4.1.1. Clear lowest set bit
Here we use the word &= word - 1
trick to clear the lowest 1-bit in a word
(aka the Least Significant Bit, or LSB). This is a classic bitwise trick. This
is an improvement over word >>= 1
because we no longer have to examine every
single bit. So our time complexity drops to \(O(k)\) where \(k\) is the number of
bits set.
Our worst-case time complexity is still the same as the brute force approach
though, because we'd run the while
loop above 64 times if all 64 bits are set.
4.2. XOR-folding
The key to this solution (Aziz et al., 2018, pp. 29–30) is that we are essentially "folding" the word into itself over and over again until we just get a single bit left. Every "fold" is a XOR instruction, which is used to cancel out even pairs of 1-bits.

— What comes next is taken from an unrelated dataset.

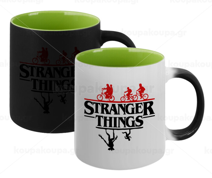 Stranger Things upside down, Κούπα Μαγική εσωτερικό πράσινο, κεραμική 330ml που αλλάζει χρώμα με το ζεστό ρόφημα

Basically, what we want to do is get rid of pairs of 1-bits set in the word. So imagine if there are 57 1-bits set in a 64-bit word. If we can keep subtracting by 2 over and over again (removing pairs of 1-bits), we'll eventually arrive at just "1", which is the parity. Or, if there are 48 bits set, continually subtracting 2 at a time will make us arrive at 0, which again is the parity. The interesting thing to note here is that we can perform multiple "subtract 2" operations in parallel, because of the way XOR-ing works.
Let's use a real example below to see what this actually means with some pseudocode. The first line
word ^= word >> 32
takes the XOR of the top 32 bits and the lower 32 bits using a bit shift. Consider the following 64-bit word as an example, which has 30 1-bits set:
0100100001001110010001111000110010010111000010011110001010111101 (30 1-bits)
Let's stack it on top of itself, shifted down 32 bits. Label the first word A and the shifted-down word as B.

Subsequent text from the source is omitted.